As my nonagenarian mother likes to say, unaware that she's quoting Bette Davis, "Old age is no place for sissies."
That's for sure. A person needs a spine of steel to figure out the Medicare Part D drug benefit, understand what the doughnut hole is, when she might fall into it, and when she can crawl back out of it.
But maybe some folks are figuring it out. One study released today shows that people on Medicare, generally those 65 and older, have learned a few tricks in working the system. Though that same report shows that inadequate drug coverage from the plan results in a lot of people skipping their medications.
Another report shows, maybe less surprisingly, that drug companies have some tricks of their own.
First, some background. You need a few facts that folks 65 and older have had to absorb about what Medicare Part D is. It's the part of Medicare that covers drug costs -- to a point. That point, called the Medicare Coverage Gap, is also known as the doughnut hole. That's because drugs are covered, after co-payments and deductibles, under the plan until a beneficiary's total drug costs reach $2,400. After that, the person continues to pay the insurance premium, but gets no help with pharmaceutical costs until total drug costs reach $5,451, at which point catastrophic coverage kicks in, with Medicare again covering drug costs -- this time with a lower co-pay.
So anyway, the AARP issued a watchdog report showing that drug companies have raised the prices, higher than the rate of inflation, of a small but lucrative niche of 144 drugs used by many people on Medicare.

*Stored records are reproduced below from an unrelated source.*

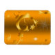 Um elegante imã de Natal ouro com um padrão de estrelas douradas, flocos de neve e espirais com uma estrela branca e cintilante sobre um fundo de ouro lux para adicionar um toque de na moda a suas decorações de Natal este ano.
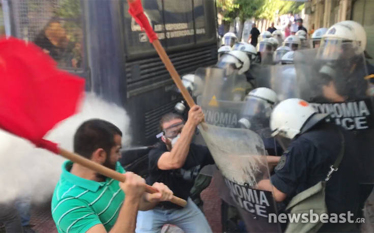 Τα επεισόδια έγιναν έξω από τη Βουλή, στην αρχή της λεωφόρου Βασιλίσσης Σοφίας, στο μπλόκο που είχαν δημιουργήσει τα ΜΑΤ με κλούβες, για να εμποδίσουν τους φοιτητές να περάσουν.
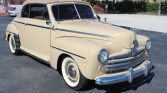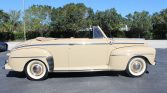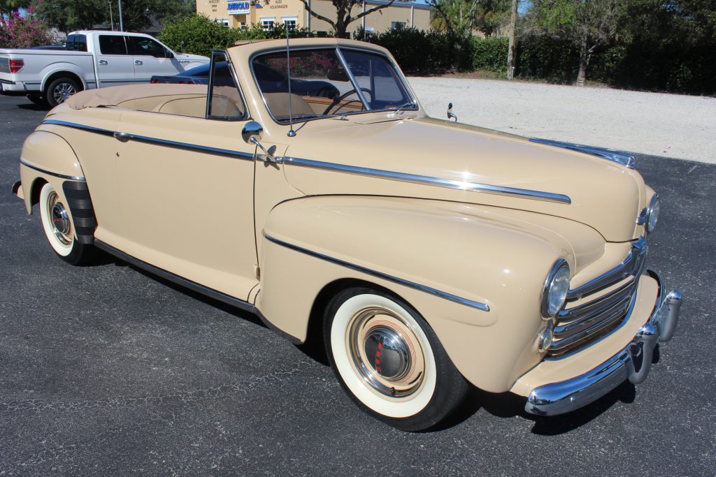 This 1947 Ford Super Deluxe convertible was refurbished in the late 1990s and was purchased by the current owner in June 2020. It is finished in cream over a two-tone tan interior, and power is provided by a 239ci flathead V8 paired with a three-speed manual transmission. Equipment includes a tan convertible top, air conditioning, an Alpine stereo, and a stainless steel exhaust system.

They're called specialty drugs, and are among the most expensive drugs on the market, ranging from $5,000 a year to more than $300,000 a year. In 2007, the cost of those drugs rose 8.7%, or three times the general rate of inflation. With those costs, a older person would reach the doughnut hole pretty quickly.
"The skyrocketing cost of specialty drugs is especially tragic for those suffering from diseases like cancer and multiple sclerosis," said John Rother, AARP executive vice president of policy and strategy, in a news release. "Even the most miraculous drug is useless if a person can't afford to take it. Specialty drug makers continue to raise the costs of drugs that have already been developed and tested."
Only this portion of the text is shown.